In any coordinate system considered by special relativity, the spacetime interval between two events can be written
$$s^2=\ -\ (\Delta t)^2\ +\ (\Delta x)^2\ +\ (\Delta y)^2\ +\ (\Delta z)^2\ \ .$$
This means that if we define
$$A=\left\lbrack \begin{matrix}\Delta t \\ \Delta x \\ \Delta y \\ \Delta z \end{matrix}\right\rbrack$$
we can write the spacetime interval as
$$s^2=A^{\mu} g_{\mu\nu} A^{\nu}\ \ ,$$
where $g$ is the Minkowski metric, whose components are:
$$g_{\mu\nu}=\left\lbrack \begin{matrix}-1&0&0&0 \\ 0&1&0&0 \\ 0&0&1&0 \\ 0&0&0&1 \end{matrix}\right\rbrack \ \ .$$
The Minkowski metric is what defines the geometry of the spacetime used in special relativity, Minkowski space.  The Minkowski metric defines what intervals are, in the same way that the Euclidean metric defines what lengths are in Euclidean space.  A key point about the Minkowski metric is that its components are the same in any coordinate system considered by special relativity.  The invariance of intervals is a direct, easy consequence of the invariance of the components of the Minkowski metric.

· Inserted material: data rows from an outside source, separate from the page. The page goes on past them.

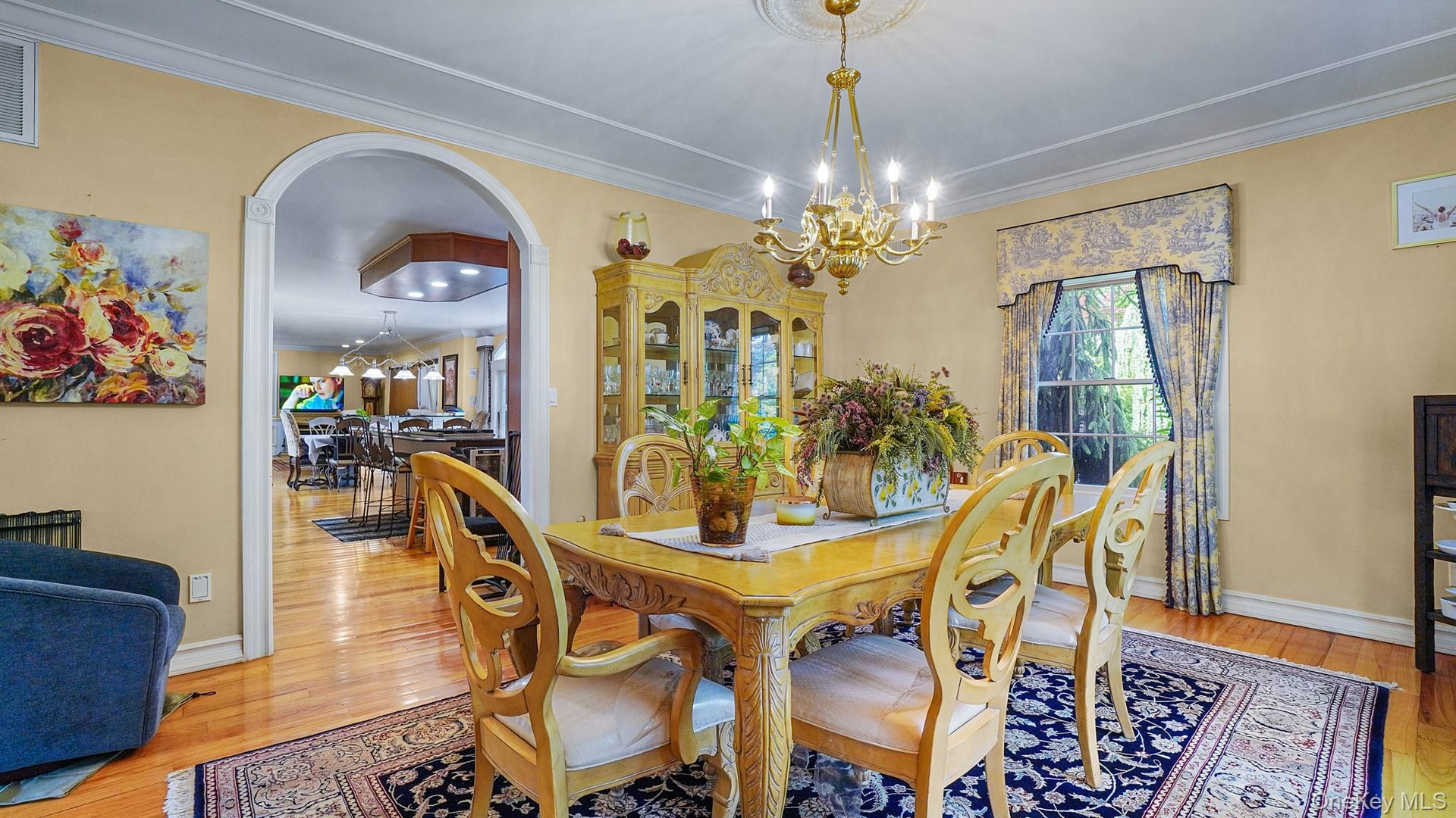 - Dining space featuring a chandelier, wood finished floors, arched walkways, and ornamental molding
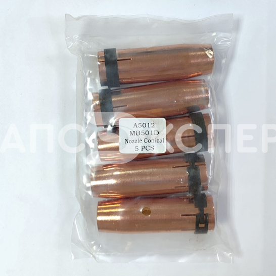 Сопло для MB-501 устанавливается на сварочную горелку и служит для равномерного распределения защитного газа при сварке и для защиты сварочного наконечника от случайного соприкосновения со свариваемой деталью. Используется в сварочных горелках серии MB-501D и ее аналогов. Материал изготовления - медь.
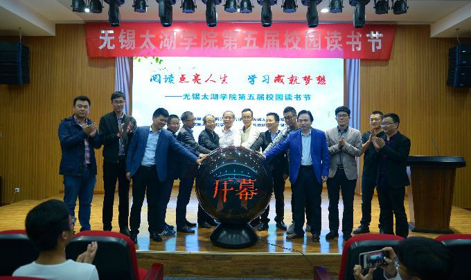 在与会人员热烈的掌声中,阙明坤部长宣布无锡太湖学院第五届校园读书节开幕。学校办公室主任朱中伟、学生工作处处长郑斌、团委副书记陈朕、图书馆副馆长刘文社、物联网工程学院院长惠晶、土木工程学院院长于安林、会计学院院长唐建荣、外国语学院院长包通法、物联网工程学院党总支副书记沈峰、机电工程学院党总支副书记杨学圣、土木工程学院党总支副书记余波、会计学院党总支副书记蒋昊霖、外国语学院党总支副书记俞昊波、艺术学院党总支副书记武蓓蓓、护理学院党总支副书记胡宇共同启动无锡太湖学院第五届校园读书节开幕仪式。
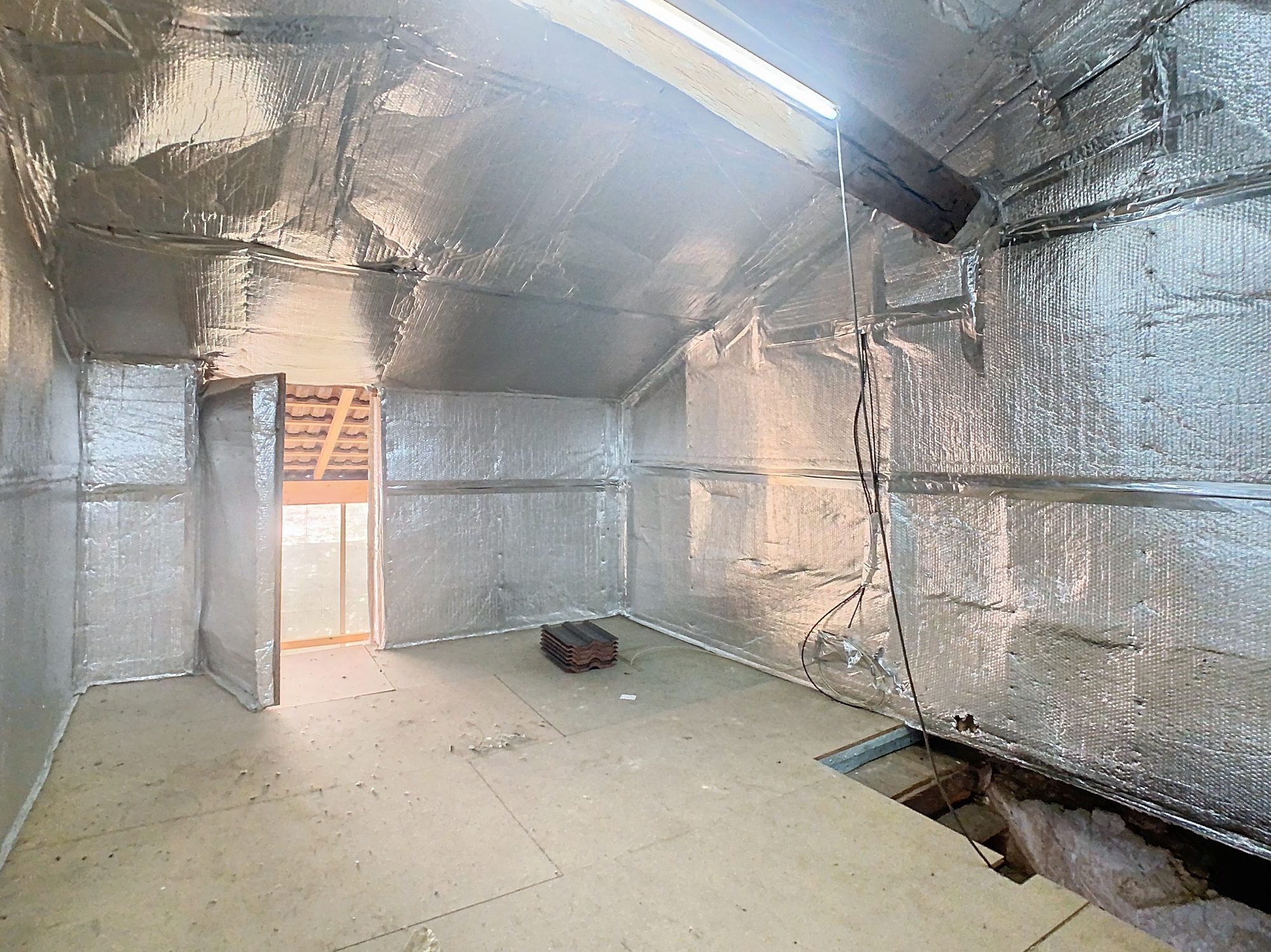 Au rez-de-chaussée, une véranda posée en 2024, une cuisine aménagée ouverte sur un séjour et une salle d'eau avec toilette (sanibroyeur). À l'étage, un petit palier, un bureau et une chambre en enfilade et une petite cours fermée avec jardinet attenant. Grenier aménageable au-dessus, isolé au sol et en sous toiture (ouverture existante).
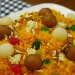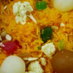 Zarda is ready, add gulab jamun and chum chum for garnishing.
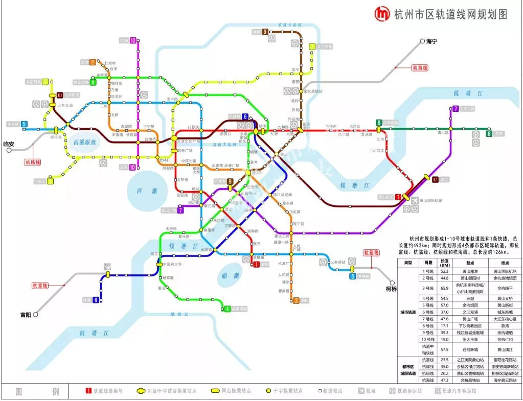 据了解,今年较新修订的《杭州市城市综合交通专项规划》中,杭州已经确定的轨道交通线路总长为618公里。其中,1-10号城市轨道线和一条中轴快线,总长约492公里;四条杭州都市区城际轨道,总长度约126公里。

To convert a vector from one coordinate system to another, you use a Lorentz transformation once:
$$x^{\mu '}={\Lambda^{\mu '}}_{\nu}x^{\nu}\ \ .$$
But the Minkowski metric is a rank two tensor.  To convert a rank two tensor from one coordinate system to another, you use a Lorentz transformation twice, like
$$g_{\mu' \nu'}={\Lambda^{\sigma}}_{\mu '}g_{\sigma\rho}{\Lambda^{\rho}}_{\nu '}\ \ ,$$
which you could write in matrix notation as
$$g'\ =\ {\Lambda}^{T} g \Lambda\ \ .$$
But since the components of the Minkowski metric are the same in any coordinate system, we can also write
$$g\ =\ {\Lambda}^{T} g \Lambda\ \ .$$
Taking the determinant of both sides of that equation gives
$$\det(g)=\det(\Lambda)\det(g)\det(\Lambda)\ \ .$$
The only way for that equation to hold is if
$$[\det(\Lambda)]^2=1\ \ .$$
There are two possible ways that that equation can hold.  The most commonly considered possibility is that
$$\det(\Lambda)\ =\ 1\ \ ,$$
in which case the transformation is called a "proper" Lorentz transformation.  The other possibility is that 
$$\det(\Lambda)\ =\ -1\ \ ,$$
in which case the transformation is called an "improper" Lorentz transformation.  Improper Lorentz transformations are less frequently useful than proper Lorentz transformations.